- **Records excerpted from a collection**
- - - - - - -

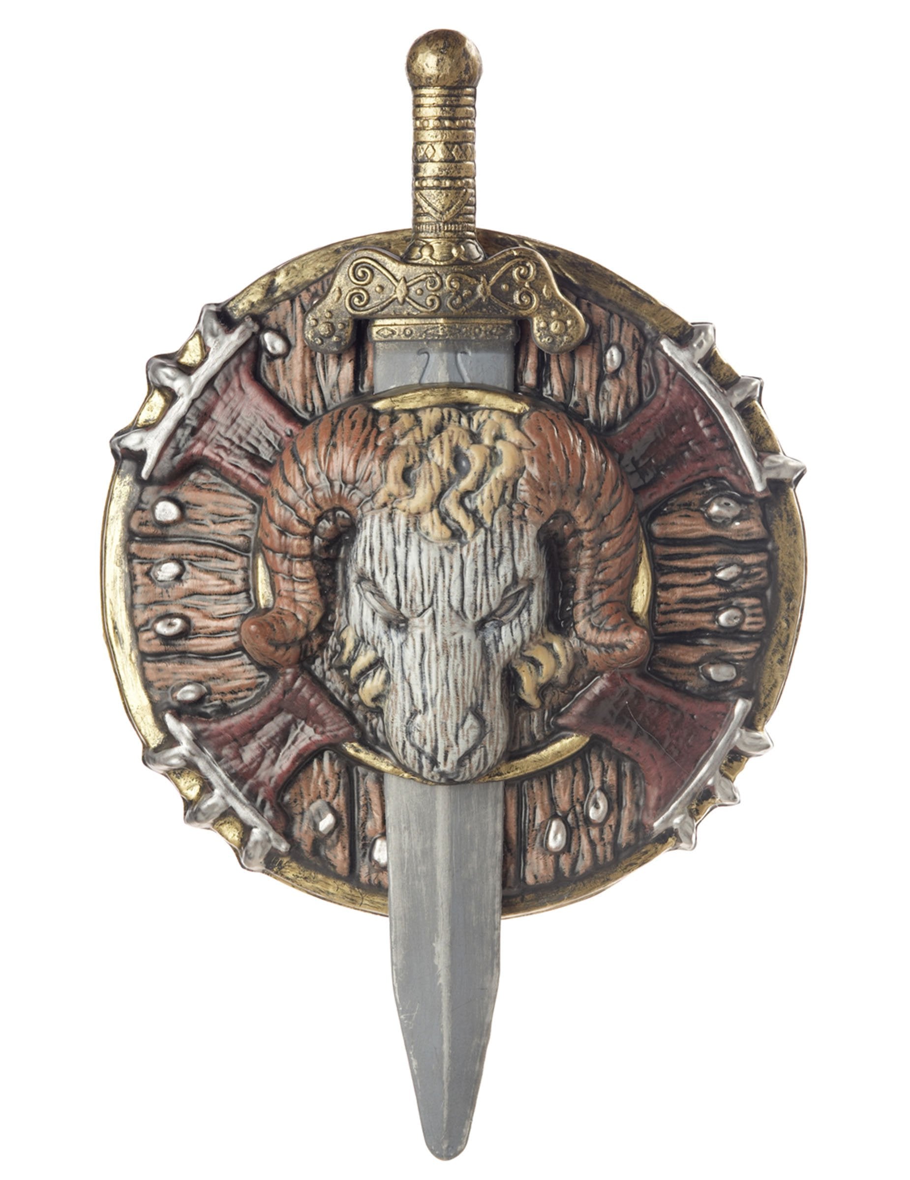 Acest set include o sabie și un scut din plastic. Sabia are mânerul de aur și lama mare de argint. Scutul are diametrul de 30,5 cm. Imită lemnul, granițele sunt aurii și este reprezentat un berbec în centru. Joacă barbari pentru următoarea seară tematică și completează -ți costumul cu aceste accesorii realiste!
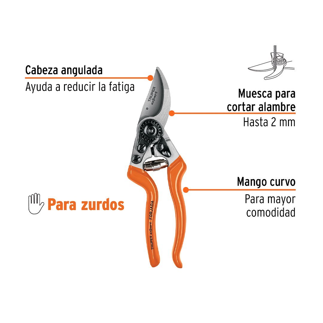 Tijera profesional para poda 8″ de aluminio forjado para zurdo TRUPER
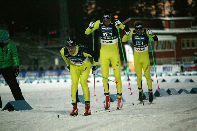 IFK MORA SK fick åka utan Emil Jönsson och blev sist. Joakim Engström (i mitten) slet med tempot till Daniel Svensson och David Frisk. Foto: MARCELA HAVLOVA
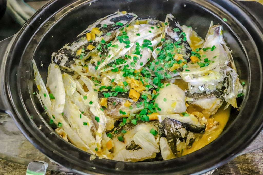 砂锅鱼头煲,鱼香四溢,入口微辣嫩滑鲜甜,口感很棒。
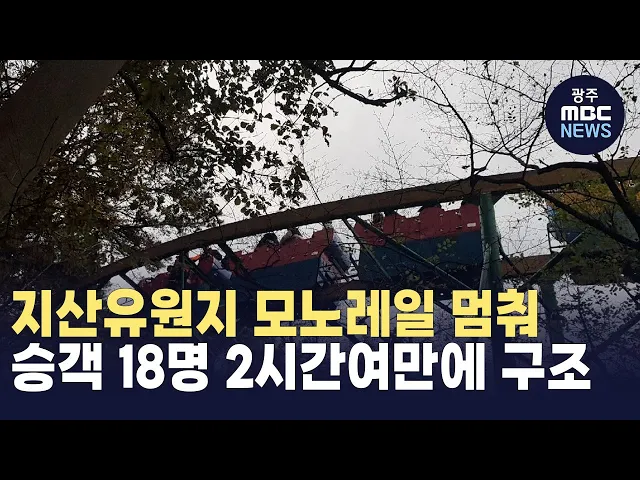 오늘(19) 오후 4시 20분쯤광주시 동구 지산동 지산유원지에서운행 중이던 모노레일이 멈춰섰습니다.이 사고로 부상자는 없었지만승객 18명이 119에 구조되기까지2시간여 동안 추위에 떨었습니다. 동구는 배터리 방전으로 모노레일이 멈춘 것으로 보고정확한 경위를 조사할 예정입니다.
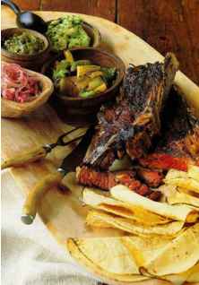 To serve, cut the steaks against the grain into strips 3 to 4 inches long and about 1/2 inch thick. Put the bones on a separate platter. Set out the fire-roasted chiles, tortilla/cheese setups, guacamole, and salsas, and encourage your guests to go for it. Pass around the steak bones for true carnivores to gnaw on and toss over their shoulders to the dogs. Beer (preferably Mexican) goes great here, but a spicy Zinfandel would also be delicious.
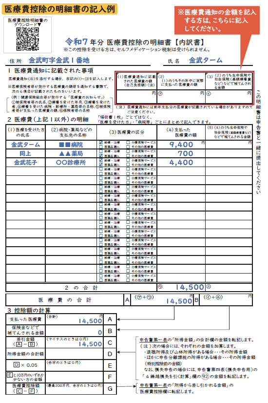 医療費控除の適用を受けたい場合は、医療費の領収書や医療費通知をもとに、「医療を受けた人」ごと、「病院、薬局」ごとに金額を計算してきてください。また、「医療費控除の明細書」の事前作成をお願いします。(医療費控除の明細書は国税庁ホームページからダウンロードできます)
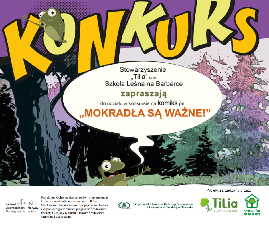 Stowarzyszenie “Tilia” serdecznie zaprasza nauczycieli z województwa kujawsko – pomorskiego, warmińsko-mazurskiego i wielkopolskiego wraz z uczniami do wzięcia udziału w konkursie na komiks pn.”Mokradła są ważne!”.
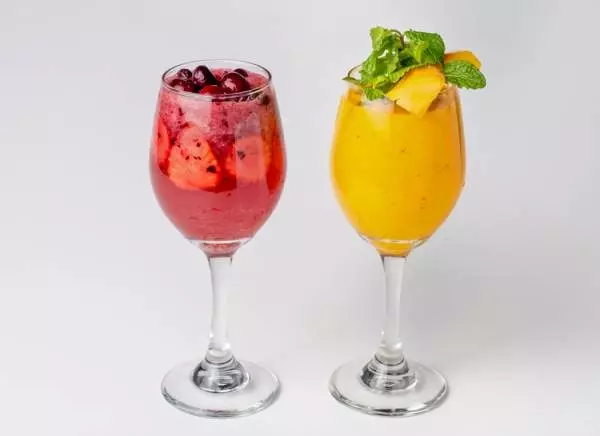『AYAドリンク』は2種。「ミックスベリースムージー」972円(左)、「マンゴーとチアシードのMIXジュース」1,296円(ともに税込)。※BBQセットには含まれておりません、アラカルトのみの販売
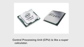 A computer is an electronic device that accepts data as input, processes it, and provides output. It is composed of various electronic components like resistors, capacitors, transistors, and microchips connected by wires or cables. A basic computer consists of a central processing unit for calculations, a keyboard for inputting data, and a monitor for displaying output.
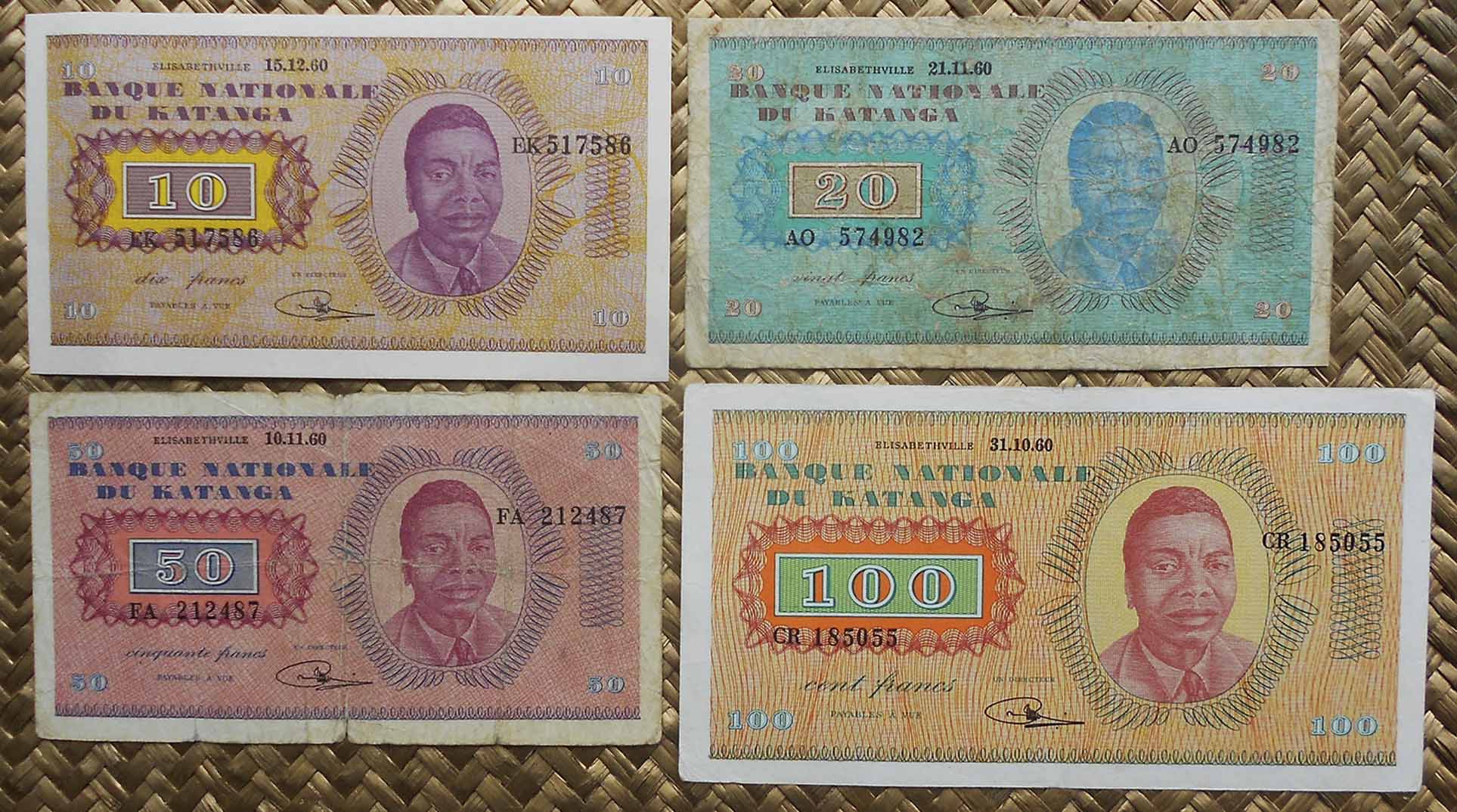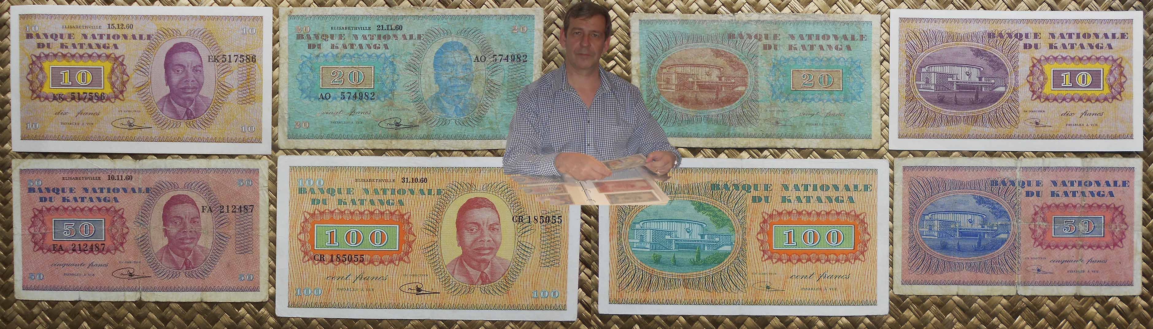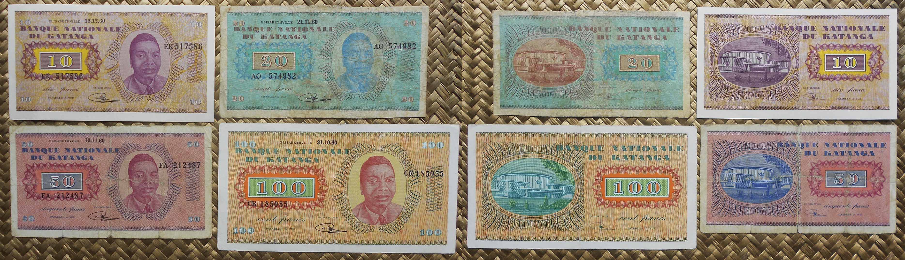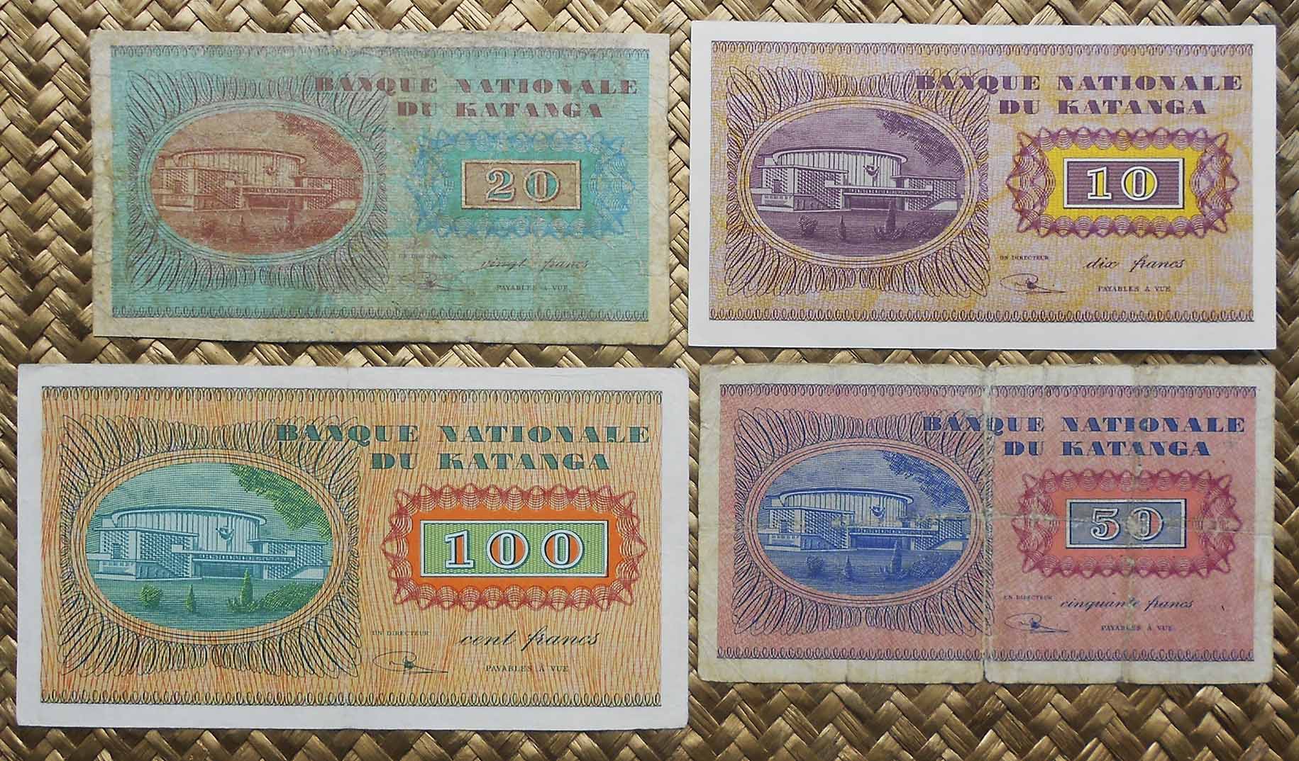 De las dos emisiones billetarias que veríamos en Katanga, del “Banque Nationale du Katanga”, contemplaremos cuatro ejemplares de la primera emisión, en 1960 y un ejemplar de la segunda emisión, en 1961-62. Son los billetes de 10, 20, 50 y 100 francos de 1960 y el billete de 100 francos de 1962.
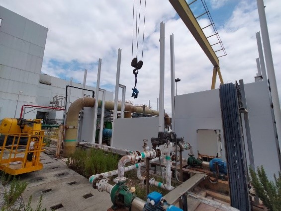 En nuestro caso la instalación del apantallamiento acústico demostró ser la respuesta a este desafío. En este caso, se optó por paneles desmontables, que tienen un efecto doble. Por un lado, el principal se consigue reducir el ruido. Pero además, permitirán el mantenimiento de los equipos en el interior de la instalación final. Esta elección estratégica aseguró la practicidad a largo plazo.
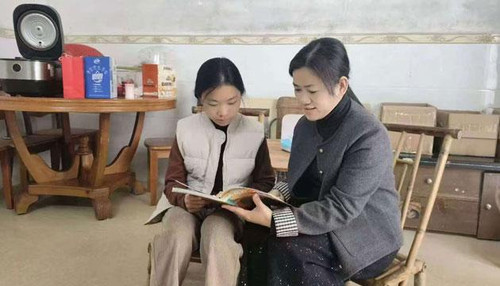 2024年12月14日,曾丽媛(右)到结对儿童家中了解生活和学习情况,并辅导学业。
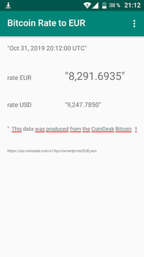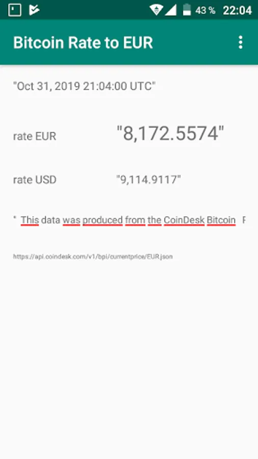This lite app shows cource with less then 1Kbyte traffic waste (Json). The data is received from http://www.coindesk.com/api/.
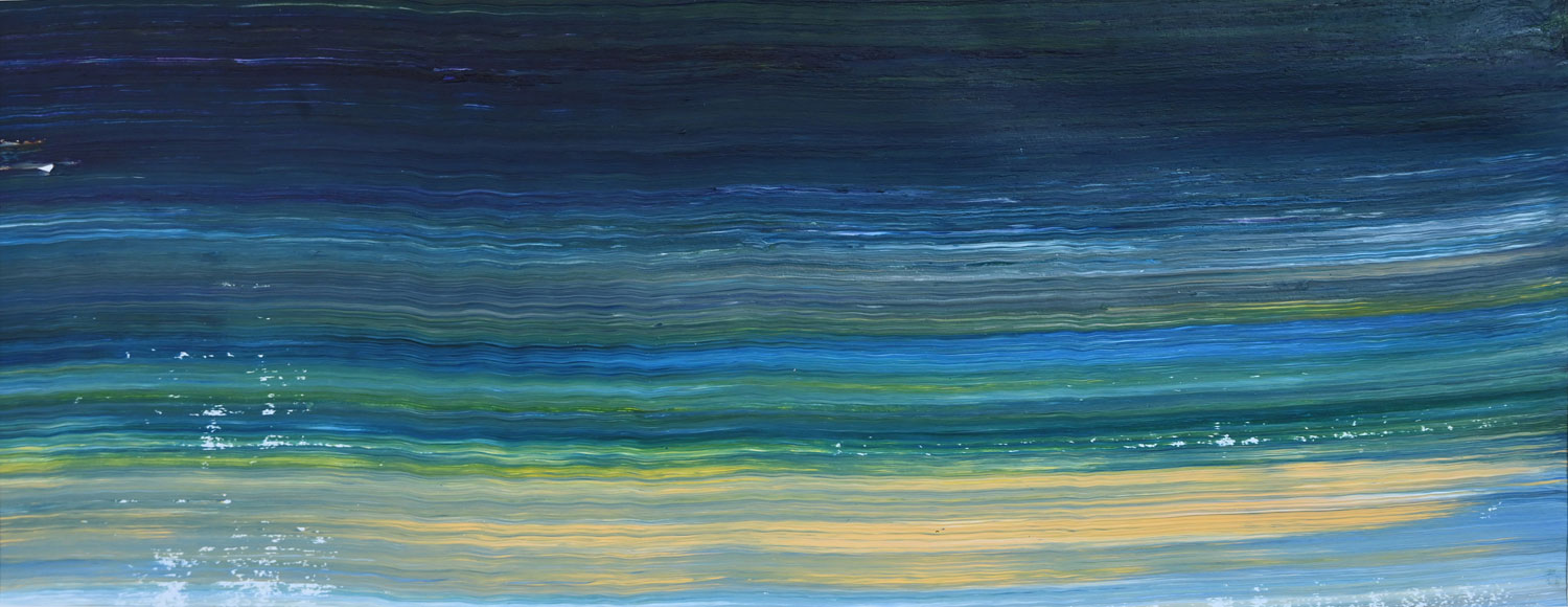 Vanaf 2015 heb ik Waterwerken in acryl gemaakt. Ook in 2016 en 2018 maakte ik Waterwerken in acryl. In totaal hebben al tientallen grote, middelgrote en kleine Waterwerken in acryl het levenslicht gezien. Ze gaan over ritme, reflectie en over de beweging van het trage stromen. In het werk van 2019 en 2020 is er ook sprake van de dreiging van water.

- - - - - - -

- **EXERCISE**
Output must match the lines from the start of the records above through the line that contains "医療費控除の適用を受けたい場", exactly and with every picture removed.

- **TASK ANSWER**
 Acest set include o sabie și un scut din plastic. Sabia are mânerul de aur și lama mare de argint. Scutul are diametrul de 30,5 cm. Imită lemnul, granițele sunt aurii și este reprezentat un berbec în centru. Joacă barbari pentru următoarea seară tematică și completează -ți costumul cu aceste accesorii realiste!
 Tijera profesional para poda 8″ de aluminio forjado para zurdo TRUPER
 IFK MORA SK fick åka utan Emil Jönsson och blev sist. Joakim Engström (i mitten) slet med tempot till Daniel Svensson och David Frisk. Foto: MARCELA HAVLOVA
 砂锅鱼头煲,鱼香四溢,入口微辣嫩滑鲜甜,口感很棒。
 오늘(19) 오후 4시 20분쯤광주시 동구 지산동 지산유원지에서운행 중이던 모노레일이 멈춰섰습니다.이 사고로 부상자는 없었지만승객 18명이 119에 구조되기까지2시간여 동안 추위에 떨었습니다. 동구는 배터리 방전으로 모노레일이 멈춘 것으로 보고정확한 경위를 조사할 예정입니다.
 To serve, cut the steaks against the grain into strips 3 to 4 inches long and about 1/2 inch thick. Put the bones on a separate platter. Set out the fire-roasted chiles, tortilla/cheese setups, guacamole, and salsas, and encourage your guests to go for it. Pass around the steak bones for true carnivores to gnaw on and toss over their shoulders to the dogs. Beer (preferably Mexican) goes great here, but a spicy Zinfandel would also be delicious.
 医療費控除の適用を受けたい場合は、医療費の領収書や医療費通知をもとに、「医療を受けた人」ごと、「病院、薬局」ごとに金額を計算してきてください。また、「医療費控除の明細書」の事前作成をお願いします。(医療費控除の明細書は国税庁ホームページからダウンロードできます)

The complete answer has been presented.